---------- INPUT MATERIAL

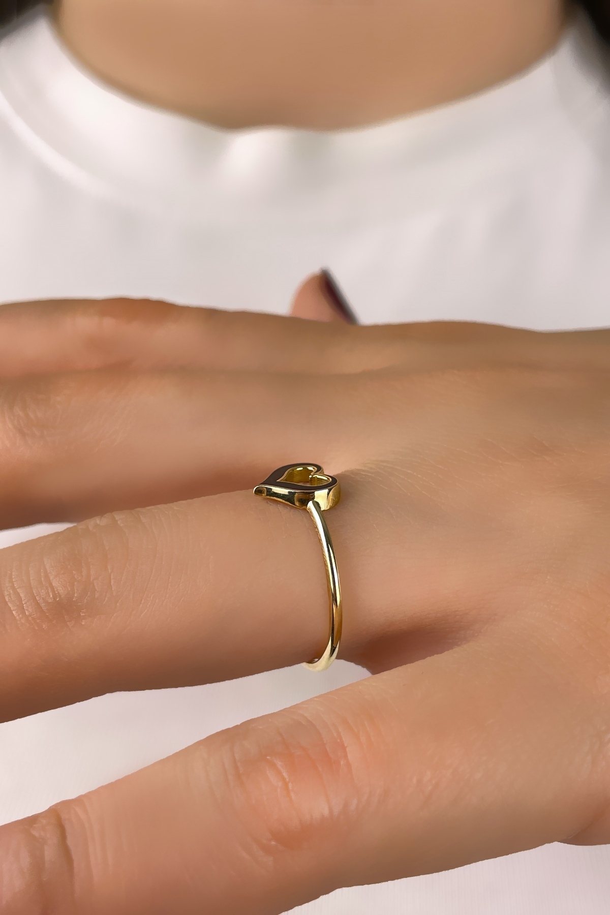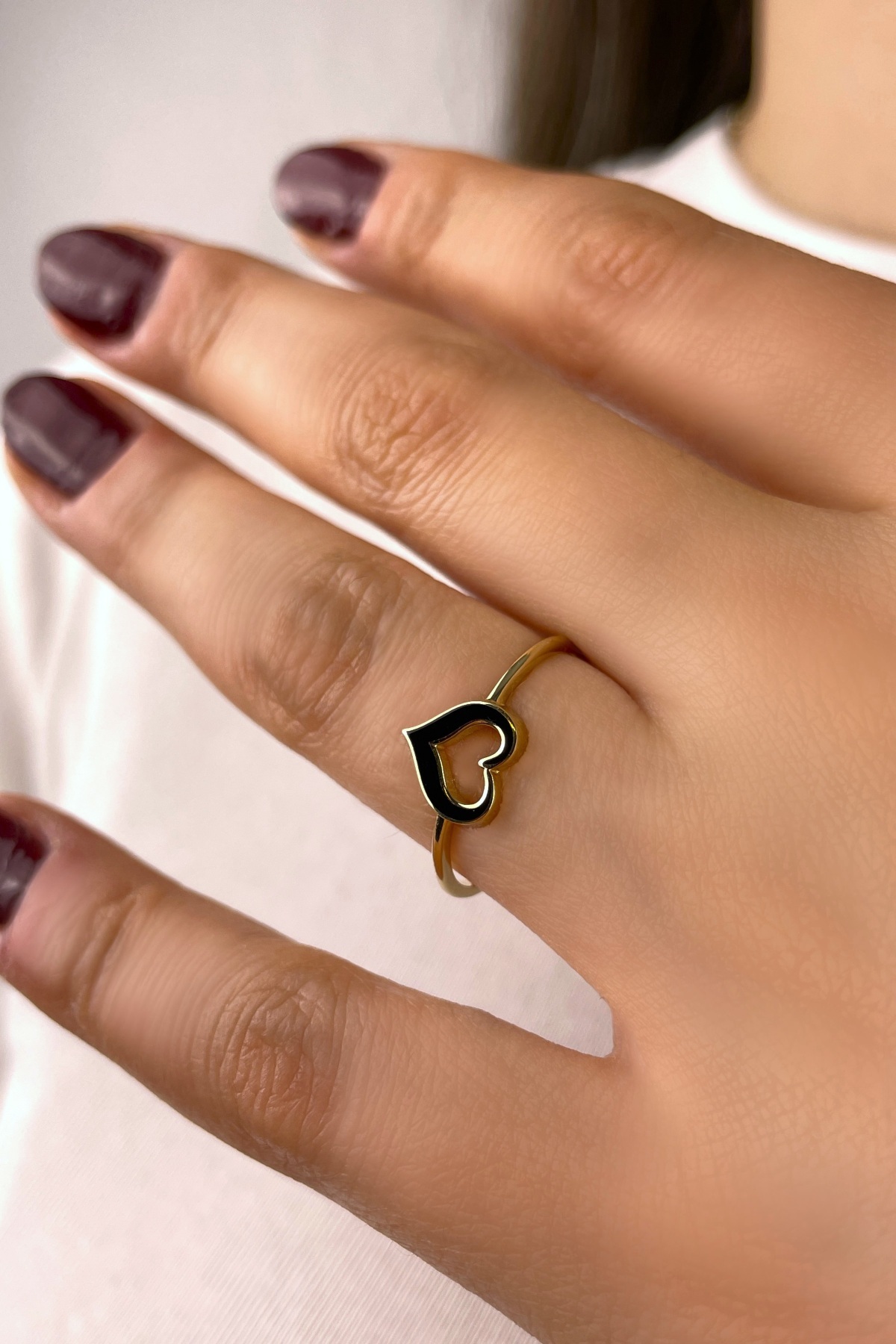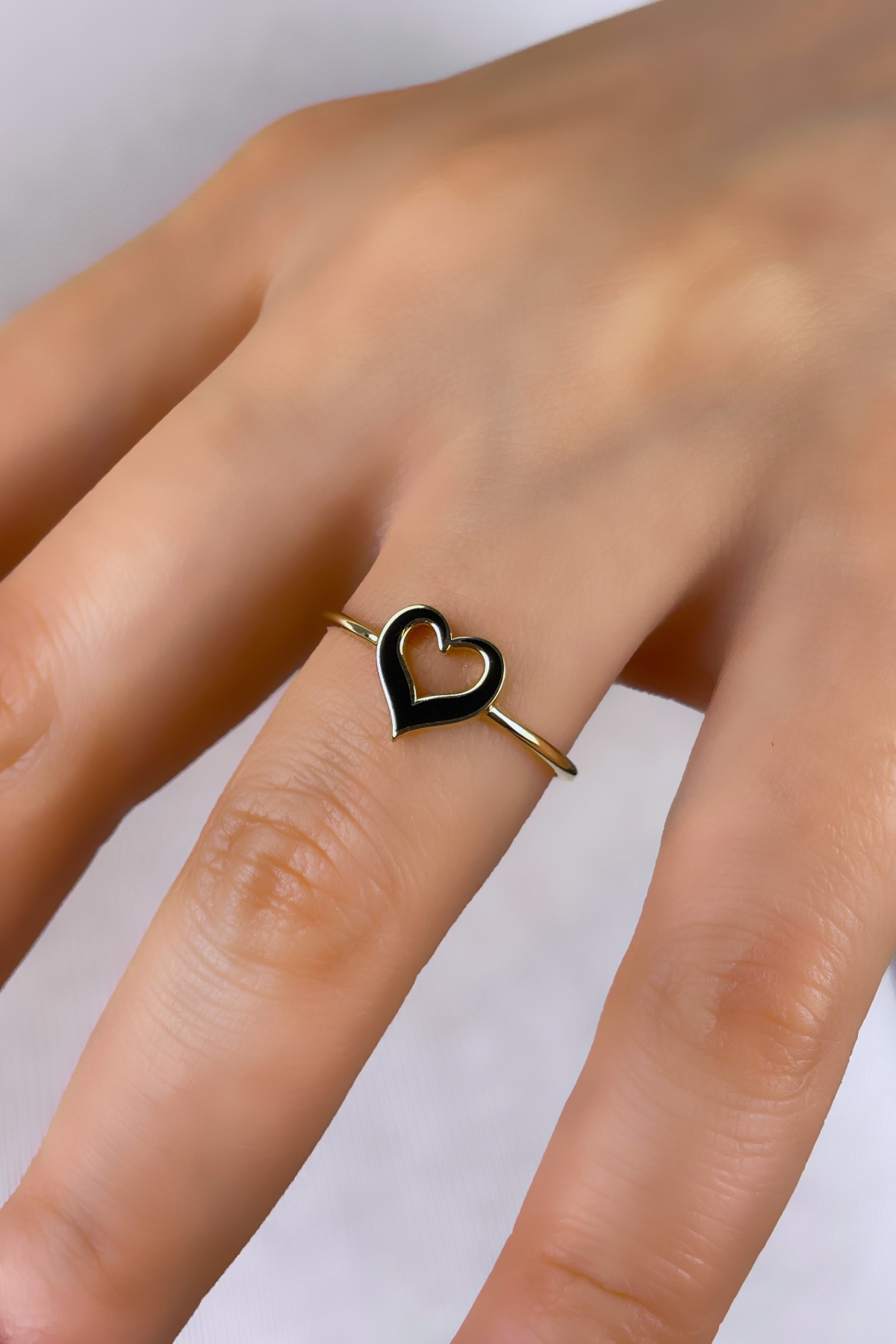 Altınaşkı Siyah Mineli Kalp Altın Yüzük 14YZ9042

--------------------
---------- INPUT MATERIAL

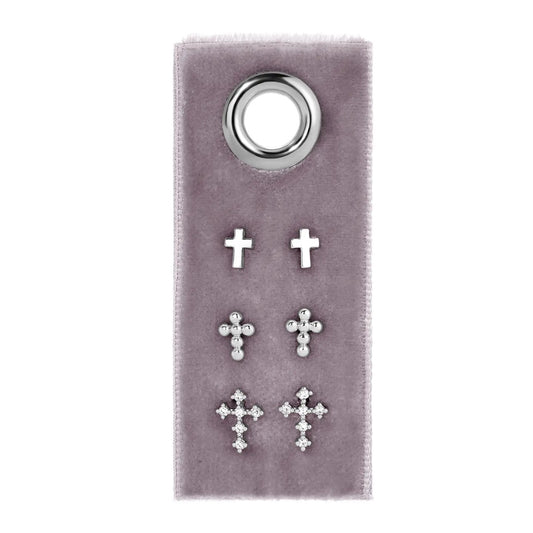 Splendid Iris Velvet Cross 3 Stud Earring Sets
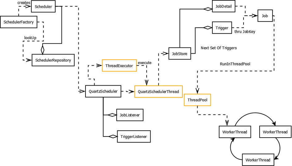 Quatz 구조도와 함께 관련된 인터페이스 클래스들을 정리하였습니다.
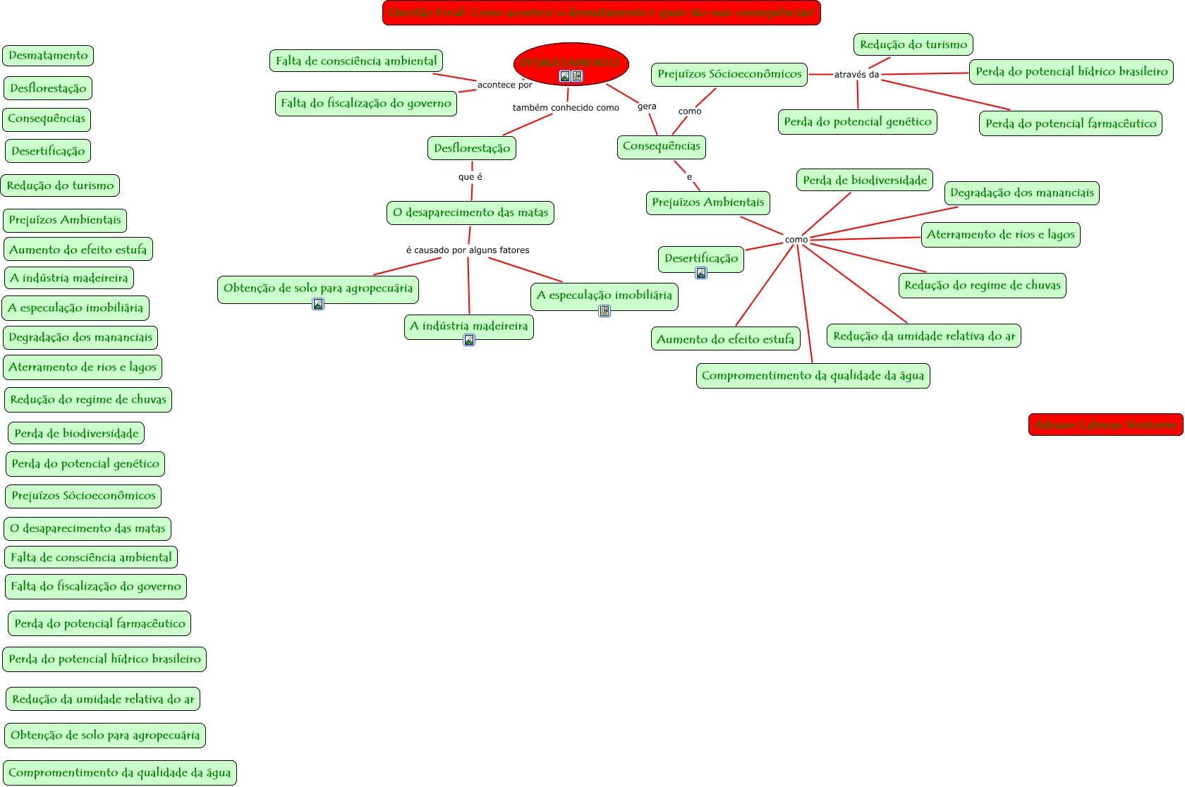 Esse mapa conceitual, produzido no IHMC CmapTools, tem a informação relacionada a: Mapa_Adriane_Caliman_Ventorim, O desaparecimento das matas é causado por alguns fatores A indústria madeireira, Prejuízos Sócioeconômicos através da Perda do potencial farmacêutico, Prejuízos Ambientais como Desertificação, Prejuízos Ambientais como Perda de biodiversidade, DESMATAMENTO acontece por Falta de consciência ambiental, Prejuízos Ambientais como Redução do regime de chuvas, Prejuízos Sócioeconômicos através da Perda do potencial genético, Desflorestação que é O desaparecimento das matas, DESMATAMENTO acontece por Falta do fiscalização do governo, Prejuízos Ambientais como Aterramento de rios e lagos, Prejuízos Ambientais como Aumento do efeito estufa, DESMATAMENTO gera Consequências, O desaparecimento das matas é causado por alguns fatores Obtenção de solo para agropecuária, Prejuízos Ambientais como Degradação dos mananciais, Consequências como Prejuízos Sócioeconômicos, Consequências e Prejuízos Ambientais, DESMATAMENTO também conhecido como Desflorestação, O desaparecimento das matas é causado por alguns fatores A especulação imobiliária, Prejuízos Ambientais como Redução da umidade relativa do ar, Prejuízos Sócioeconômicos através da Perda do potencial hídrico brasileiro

--------------------

YOUR INSTRUCTIONS ->
Restate the lines above from the one containing "Splendid Iris Velvet" through the one containing "Quatz 구조도와 함께 관련된 인터페이스 클래스들을 정리하였습니다.", inclusive, exactly and without pictures.

WRITTEN REPLY ->
 Splendid Iris Velvet Cross 3 Stud Earring Sets
 Quatz 구조도와 함께 관련된 인터페이스 클래스들을 정리하였습니다.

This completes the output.